While her husband was stationed in Frankfurt, Germany in 1954 with the Army Judge Advocate General’s Corps, she worked as a civilian attorney with the United States Army Quartermaster Corps. The O’Connors returned to the United States in 1957 and settled in Phoenix, Arizona, where she became a licensed attorney and opened a law firm with a colleague in a shopping mall. The O’Connors’ three sons — Scott, Brian, and Jay — were all born within the next six years. With the birth of her second son, she left the law practice to concentrate on her family, although she became very involved in local politics and community service.

In 1965, O’Connor returned to work full-time as an assistant state attorney general, while continuing to play an active role in Republican Party politics.
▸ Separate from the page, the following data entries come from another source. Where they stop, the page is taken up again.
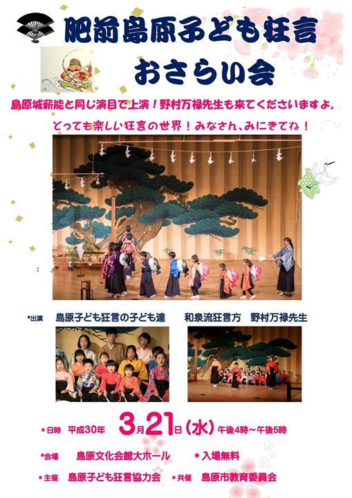 Mar 20, 2018 さあ。 さあ。いよいよ明日は子ども狂言島原おさらい会です。 島原城薪能で発表した演目を再演!みなさまぜひお出かけください。 和泉流狂言方の野村万禄先生も来島されます。 Facebook Tweet Posted in お知らせ | No Comments » 関連記事 第43回島原城薪能(会場変更) 九州子ども狂言交流舞台in島原(会場変更) 島原城薪能を味わう 四明荘特別公開講座 いよいよ明日!島原城天守閣前特設能舞台で開催! 島原能楽サロン「島原城薪能を味わう~金剛流能「内外詣」のお話~」 < さあ。 今年の「肥前島原子ども狂言おさらい会」も、立派に子どもたちが舞台をつとめてくれました。 >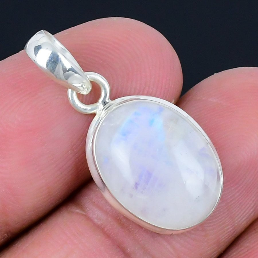 Rainbow Moonstone Stone Solid Silver Birthday Unique Crown Chakra Sister Pendant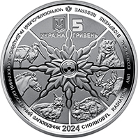 На аверсі монети розміщено: малий Державний Герб України (угорі), написи: УКРАЇНА (під гербом), номінал монети – 5 / ГРИВЕНЬ (праворуч від герба); у центрі – символічне колесо життя, що знаменує відродження природи: стилізований міжнародний знак “Радіаційна загроза”, оповитий листям, навколо якого тварини, популяції яких розвиваються у 30-кілометровій зоні відчуження, що стала своєрідним резерватом для розмноження, зокрема лелеки чорного, коня Пржевальського, рисі, зубра, лося, ведмедя бурого; по колу, на дзеркальному тлі написи: ЧОРНОБИЛЬСЬКИЙ РАДІАЦІЙНО-ЕКОЛОГІЧНИЙ БІОСФЕРНИЙ ЗАПОВІДНИК (ліворуч), CHORNOBYL RADIATION AND ECOLOGICAL BIOSPHERE RESERVE; логотип Банкнотно-монетного двору Національного банку України (угорі); рік карбування – 2024 (унизу). |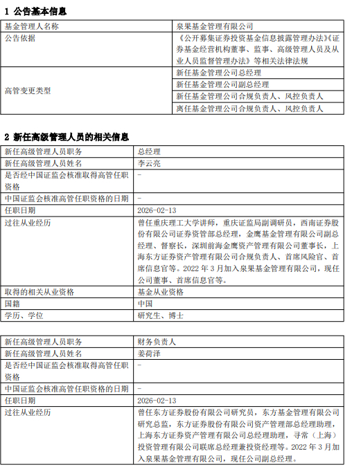 泉果基金官宣管理层变动:李云亮升任总经理 新任孙媛担任合规负责人和风控负责人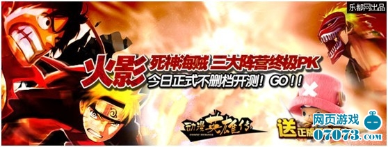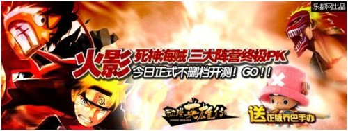 2013年乐都网强档新游-----《动漫英雄传》今日10:00点开启首次不删档内测!该游戏集齐了火影、死神、海贼三大超人气动漫英雄!这是近万动漫达人粉丝齐聚一堂的超级盛会!6月19日10:00点双线1服正式开启,不删档内测震撼启动!玩游戏乐都网还送你100%正版乔巴手办!动漫神作来临,引爆你的想象!!!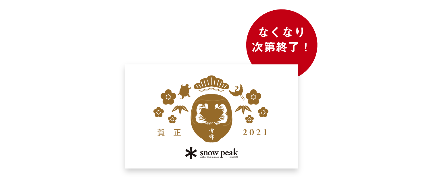 スノーピーク直営店およびスノーピークストアにて購入金額¥5,000(税込)毎に1回(※)くじをお引きいただけます。当たりが出たら非売品の、雪峰だるまをプレゼント!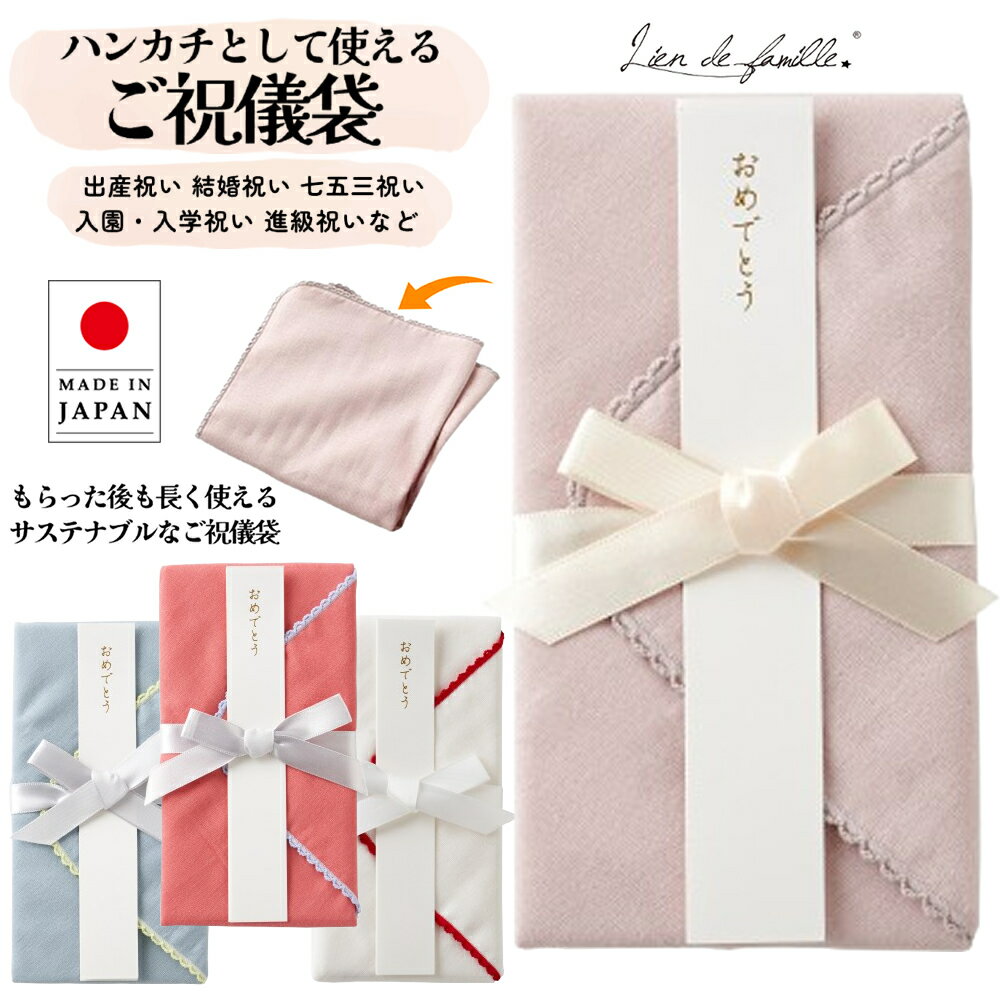 ご祝儀袋 祝儀袋 ハンカチとして使えるご祝儀袋 日本製 Lien de famile リヤンドファミーユ おしゃれ かわいい 上品 ガーゼ ハンカチ お誕生日 出産祝い 結婚祝い お食い初め 入園祝い 入学祝い お誕生日 成人祝い 新築祝い ピンク ホワイト コーラル ブルー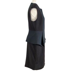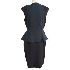 TED BAKER JUMANA BLACK FOREST GREEN COLORBLOCK SLEEVELESS PEPLUM ZIP UP MIDI DRESS, Textured contrast accentuates the fitted silhouette and architectural peplum waistline of a sleek cap-sleeve sheath. Front and center, a shiny two-way zipper bridges the split neckline and seductively slit hem. Two-way front-zip closure - Split neckline - Slight cap sleeves - Stretch lining - Regular shoulder pads for a structured touch on a super stretch and soft shell - sheath style - pencil skirt - formal business perfect dress for fall and winter seasons with the wool content.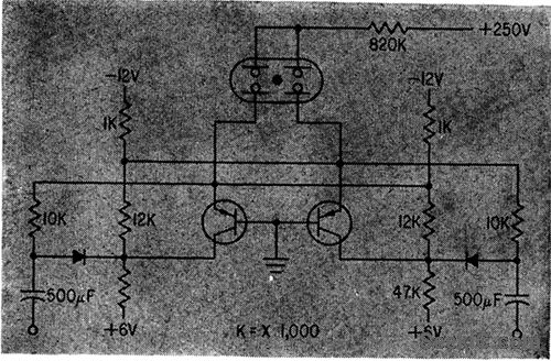 On-off indicator for transistorized flip-flop operates on voltage differential of 6V.-A. Erikson, French Components Gaiting Smaller, Electronics, 34:11, p 24-25.
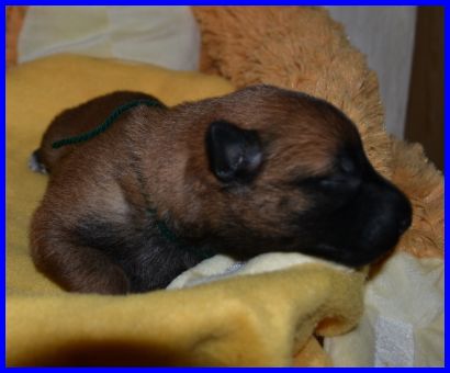 Der leichteste Welpe, ein kleiner Rüde, hat seinen Bruder "blaues Band" fast eingeholt, er wiegt nur 2g weniger: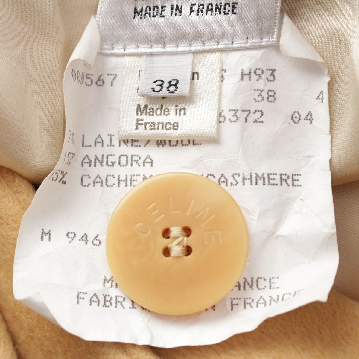 セリーヌ ヴィンテージ ウール カシミヤ混 ベルテッド ロング コート トリオンフ ロゴ フード ベルト付き キャメル 38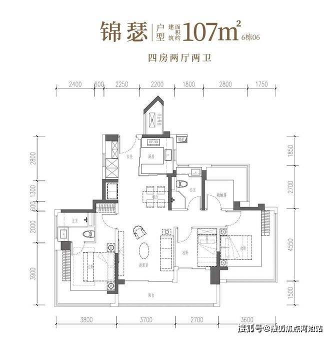 107㎡的4房2厅2卫,双龙抱珠格局,客厅3.7米开间,S墙预留冰箱位,四开间朝南,主卧+2个次卧270°无柱转角飘窗,分别做到了主卧17.94㎡/次卧16.38㎡/次卧7.56㎡/次卧6.89㎡(包含墙体飘窗),U型厨房烟道外置,得房率约104.06%(包含赠送),客厅连接次卧出超大阳台约11.76平,东北朝向。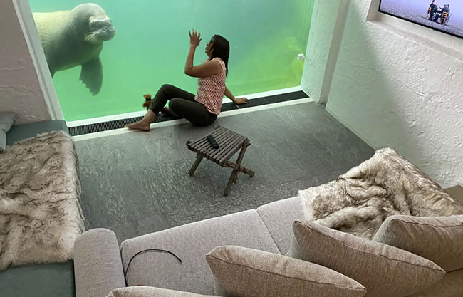 You can stay in an underwater hotel room with a glass wall looking into the walrus tank

When a seat in the Arizona State Senate became vacant in 1969, she was appointed to fill it. She was reelected twice, and in 1972, she became the first woman in the country to serve as majority leader in a state legislature. As a legislator, O’Connor worked towards changing various Arizona laws that discriminated against women, including a 1913 law that prohibited women from working more than eight hours a day, which had been used to prevent women from seeking and retaining employment. In addition, O’Connor pushed for laws that gave women equal responsibility for the management of community property with their spouses.

In 1975, she successfully ran for trial judge of the Maricopa County Superior Court, a position she held until 1979, when Governor Bruce Babbitt appointed her to the Arizona Court of Appeals. Her nomination to the Supreme Court followed shortly thereafter.

Although the position of Supreme Court justice is for life, Justice O’Connor announced her retirement from the Supreme Court in July 2005. Initially, President George W. Bush nominated John Roberts to replace her. However, upon the death of Chief Justice William Rehnquist in September 2005, Bush decided to nominate Roberts to fill the vacancy, and he has presided over the Court ever since. Then, in October, Bush initially nominated attorney Harriet Miers to replace O’Connor, but she decided to withdraw her candidacy. Finally, in November, Bush nominated conservative Justice Samuel Alito to fill O’Connor’s vacancy, whose resignation became effective when Alito was confirmed.

Following her retirement from the court on January 31, 2006, Justice O’Connor remained active as a tireless advocate for judicial independence and the rule of law throughout the world. In recognition of her lifetime accomplishments, President Barack Obama awarded her the Nation’s highest civilian honor, the Presidential Medal of Freedom, on August 12, 2009.